Тут словоохотливый частный пристав приостановился, разом зарядил свой нос крупной порцией табачку, подошел вплоть к Трифону, дружески потрепал его по плечу, приподнял голову его вверх, стукнув, не совсем-то уж по-дружески, кулаком а подбородок, — и, беспрестанно подмигивая левым глазом да улыбаясь слегка и как-то особенно лукаво, начал говорить с подобающей важностью:

— Ну, братец ты мой, наперед тебе объявляю: сердце мое чует — ведь оно у меня вещун, — сердце мое чует, что будешь ты моим «крестничком». Так ты чем скорее сознаешься, тем для тебя же будет лучше, — что без толку время волочить?.. Теперь слушай внимательно да смотри мне прямехонько в глаза, — я, брат, очень люблю, коли мне в глаза прямо смотрят, а стоят чинно и смирно. Ты говоришь, что Ванька и Ефремка украли, а сам ни в чем не виноват, а я тебе скажу: быть сего не может!.. И вот почему…

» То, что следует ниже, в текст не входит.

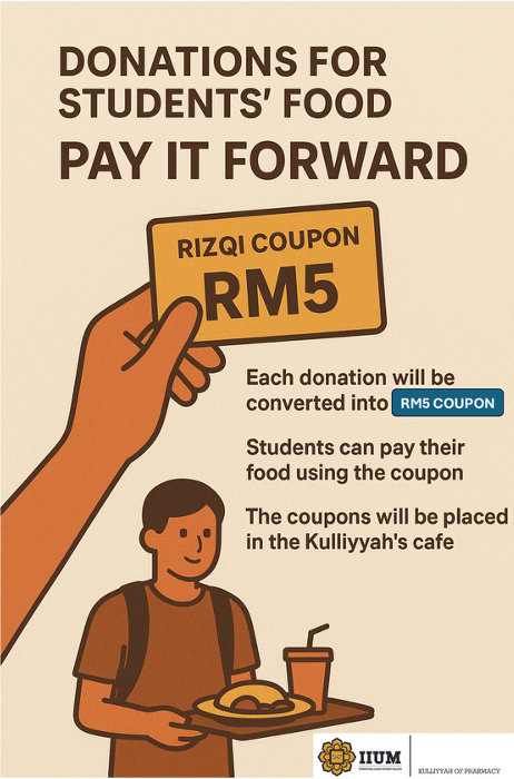 The “Rizqi Coupon” Initiative is a pay-it-forward programme at the Kulliyyah of Pharmacy aimed at supporting IIUM students who may be facing financial difficulties in purchasing food. The collection of donations between November 2023 – June 2025 was RM 3439.00, with approximately 689 packs of meals distributed to the students in need.

Трифон не выдержал; его уж давно подмывало огрызнуться.

— Ан нету!.. — прервал он, горячо размахивая руками. — Отродясь вором не был… Вот однова дыхнуть!.. Вишь ты: я ж доказал на воров, а на меня вину валят!.. Да я…

Частный проворно подбежал к нему.

— Тсс!.. Молчать! — вскричал он, зажимая широкой ладонью своей рот Трифона. — Что ты это?.. С ума никак сошел!.. Я лишь на первый раз решаюсь простить тебе такую предерзость. Начальство с тобой говорит, начальство доказывает тебе, начальство изволит тебе доказывать, — а ты рот свой мерзкий разеваешь, а ты руками смеешь размахивать! Ну, смотри у меня!.. В другой раз я не осмелюсь даже простить, а тут же должен буду… Да, да!.. Ни гугу! смотри!..

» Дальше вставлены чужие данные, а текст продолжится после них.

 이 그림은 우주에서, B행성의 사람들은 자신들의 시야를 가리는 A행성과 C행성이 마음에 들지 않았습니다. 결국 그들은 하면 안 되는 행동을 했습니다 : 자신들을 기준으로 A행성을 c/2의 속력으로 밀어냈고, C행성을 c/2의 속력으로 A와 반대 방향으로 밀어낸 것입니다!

Вслед за этим он опять приподнял голову Трифона, два раза стукнув его кулаком в подбородок, так что у малого зубы во рту ходенем заходили. Такие убедительные доказательства подействовали на Трифона: с этого раза он уже не прерывал следователя.

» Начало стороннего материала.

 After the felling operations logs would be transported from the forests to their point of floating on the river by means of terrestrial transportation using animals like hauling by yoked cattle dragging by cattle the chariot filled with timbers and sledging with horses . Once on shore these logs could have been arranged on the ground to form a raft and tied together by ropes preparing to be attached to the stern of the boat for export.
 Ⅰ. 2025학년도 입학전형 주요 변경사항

— Ну, слушай же, малой, — начал опять частный пристав. — Я буду говорить доказательно, а дельце твое рассужу как по-писаному. Это страсть моя — объяснять всякому воришке, в чем его провинность состоит; надо же вас, мошенников, с законами знакомить. Вот как дело было у вас: все вы трое — я, брат, справедлив и знаю, что не ты один, — все вы трое заблаговременно сговорилися, умысел учинили, и яму вместе вырыли, и хозяев дурманом опоили, — ведь спали они как сурки и ничего не слыхали, — а потом сундук вместе украли… Ну, а, наконец, заделили друг друга, вот ты — в дележке, значит, обиженный — и доказываешь теперь. А то с чего бы тебе знать и про яму и про все там? Невероятно! невероятно!.. Так, что ли, малой… Ведь заделили тебя?..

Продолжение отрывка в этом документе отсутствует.